Records for this task:
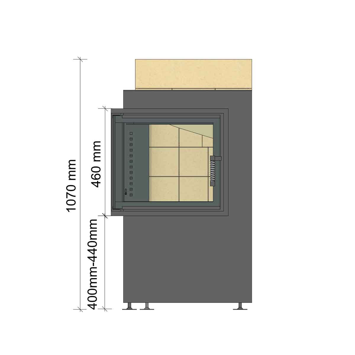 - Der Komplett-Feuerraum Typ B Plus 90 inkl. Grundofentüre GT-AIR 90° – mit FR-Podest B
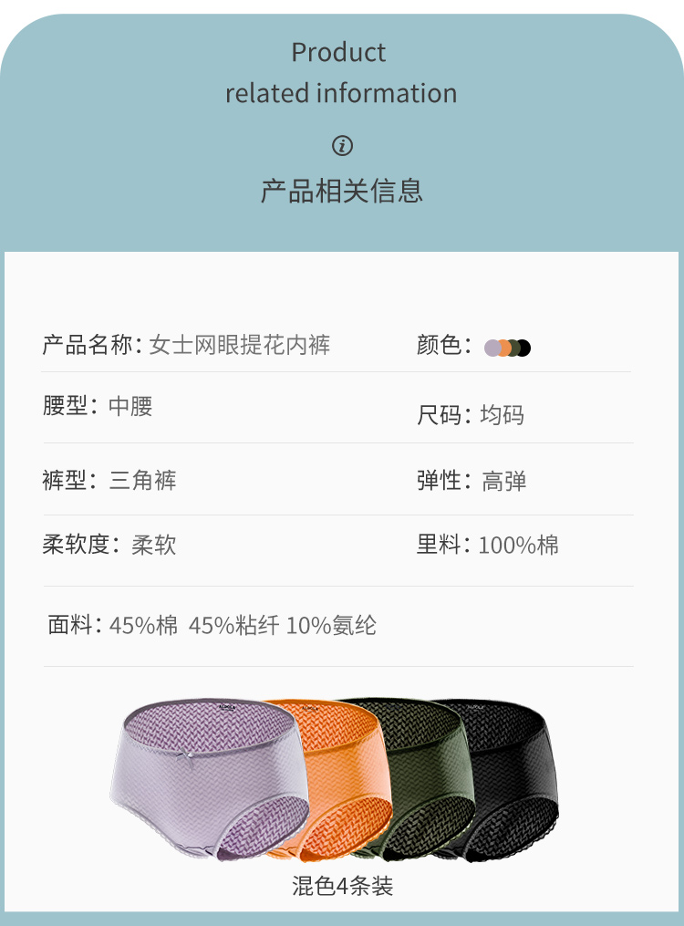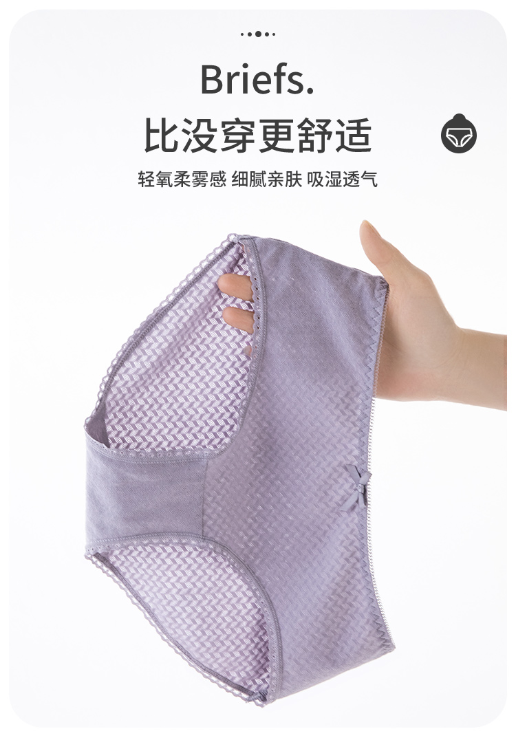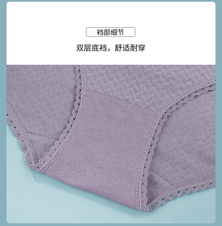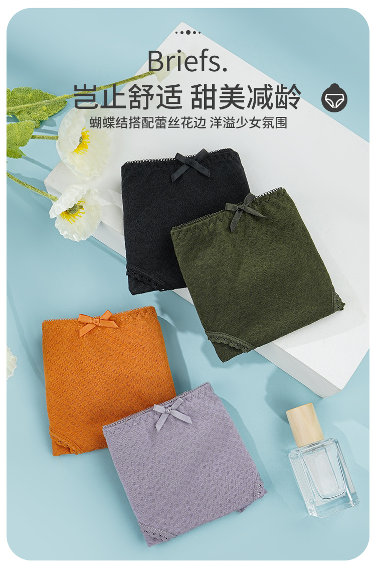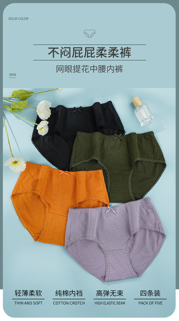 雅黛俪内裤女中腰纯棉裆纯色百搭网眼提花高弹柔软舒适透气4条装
==
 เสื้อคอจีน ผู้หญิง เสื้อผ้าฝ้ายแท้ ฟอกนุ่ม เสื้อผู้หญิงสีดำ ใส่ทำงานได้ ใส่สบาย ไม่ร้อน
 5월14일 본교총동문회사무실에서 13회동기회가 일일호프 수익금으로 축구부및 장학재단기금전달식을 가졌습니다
--
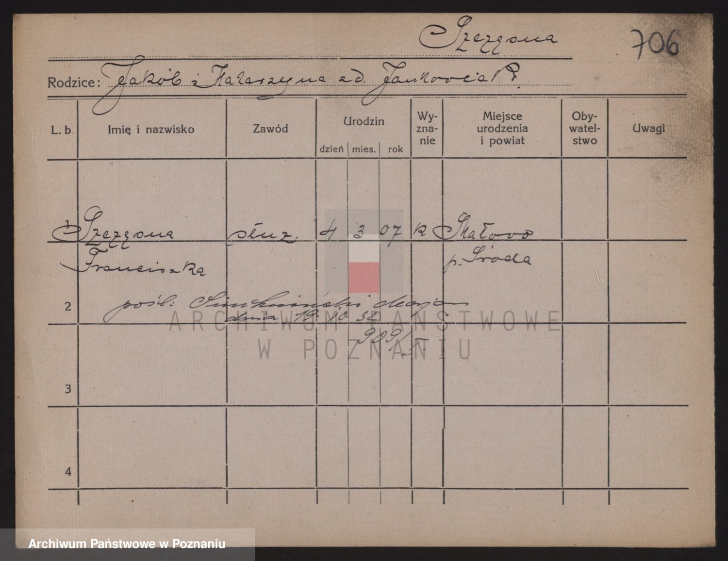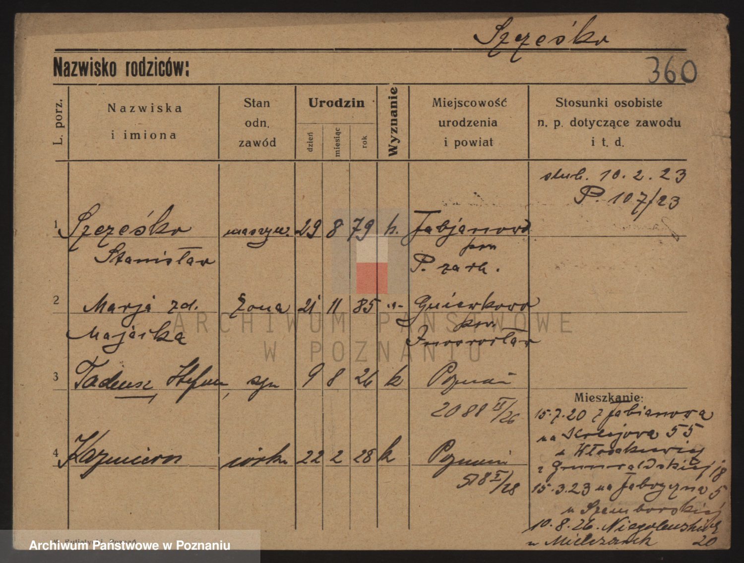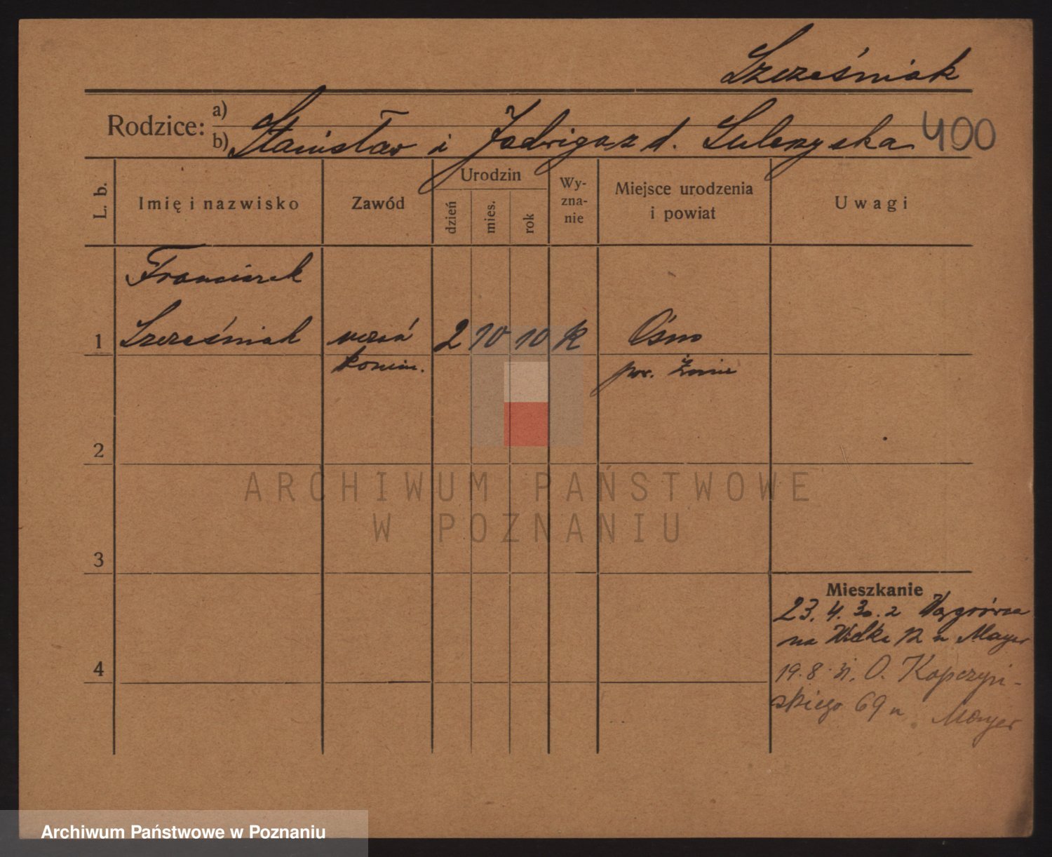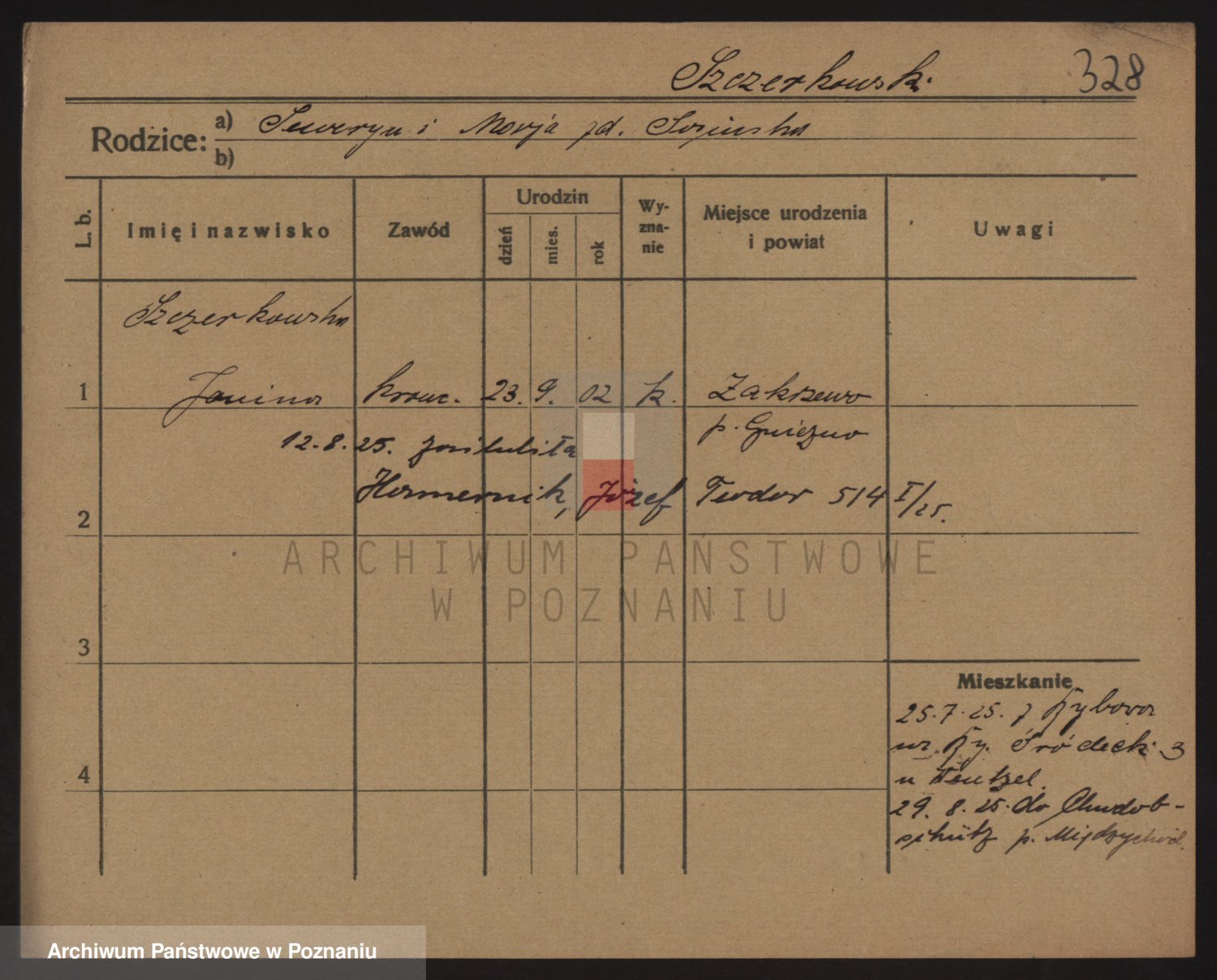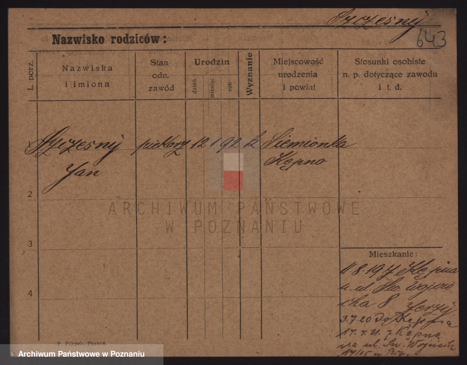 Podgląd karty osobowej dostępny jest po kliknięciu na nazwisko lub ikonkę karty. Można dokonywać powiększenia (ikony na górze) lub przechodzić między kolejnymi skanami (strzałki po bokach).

Exercise prompt: Range to copy from the listing above: the line containing "- Der Komplett-Feuerraum" down to the line containing "雅黛俪内裤女中腰纯棉裆纯色百搭网眼提花高弹柔软舒适透气4条装", both included. Reproduce it exactly, minus the pictures, and add nothing.

Solution:
 - Der Komplett-Feuerraum Typ B Plus 90 inkl. Grundofentüre GT-AIR 90° – mit FR-Podest B
 雅黛俪内裤女中腰纯棉裆纯色百搭网眼提花高弹柔软舒适透气4条装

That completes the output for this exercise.